What is the word of God? If we look at it historically, it has meant different things to different people. In the very first chapter of the Bible we are familiar with, it seems to represent God's creative power. He spoke everything into existence in our world. By derivation then, his words are what brought about our own existence as well. Perhaps this is another perspective on the idea that God creates us in the womb.[i] We can see God as a chemist, bringing together building blocks of DNA to form exactly the person he intends, or we may see an initial creation sparking the flow of DNA through multitudinous channels like some Rube Goldberg device until it reaches a future incarnation as yet another human being is born. This latter perspective could certainly help to explain the anomalies in Christ's genealogy with its Canaanites, Moabites, adulterers, and murderers. But this might imply a fatalistic predestination for all of us wherein we are simply victims of our genetic heritage.
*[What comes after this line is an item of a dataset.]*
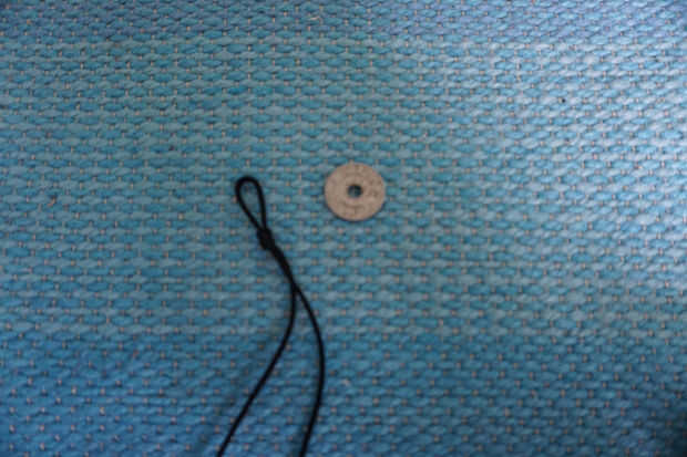 En primer lugar, tomar el cable y doblar por la mitad. Un nudo alrededor de una media pulgada hacia abajo para que la parte superior realiza un bucle. Asegúrese de que su talón de cierre se ajusta sólo a través de este lazo, ya esto va a ser parte de su cierre. A continuación, tomar un trozo de hilo delgado dos veces tan largo como el cable, doblar por la mitad y atar el cordón anudado en la parte superior para que tenga dos piezas colgando de hilos de igual longitud. Enrosque las dos agujas en ambos de estos y reforzar los nudos con el pulimento de clavo claro. Una vez este clip al portapapeles o cinta hacia abajo, usted está listo para comenzar a tejer!

While this may be true on some levels biologically, it brings into question the idea of intentional evil, for if we are predestined to be saved or lost, what is the point of any sort of subsequent effort to change all of that? This appears to demand an element of randomness, of choice, regarding our fate. This idea, too, may find support in Christ's genealogy if we allow that what is apparently random eventually reveals order. This is what Chaos Theory postulates. So, if there is intrinsic order to everything, despite what appears to be almost limitless variation, perhaps the framework for that ordered edifice may be found in the creative word of God.

 

When we look at grapevines growing with leaves in wild profusion, the verdure is impressive and demands our admiration, but if we sweep aside some of those marvelous leaves, we can see the sturdy arbor holding the vine with its leaves and eventually heavy clusters of sweet grapes. The hidden order sustaining the vine serves its purpose even when it is not immediately visible. God's word often engages us similarly. As children we grow into adults and are shaped by a moral framework intended to help us grow and be fruitful, a blessing to the world, just like that grapevine. Paul, in his letter to the Roman church, went so far as to say that we are all branches on that grapevine, some natural to the vine and some grafted on.[ii] The same creative word sustains us all. As we bear fruit and seed in the fruit, we make continuation possible, carrying in that seed the creative power of that original word spoken so very long ago.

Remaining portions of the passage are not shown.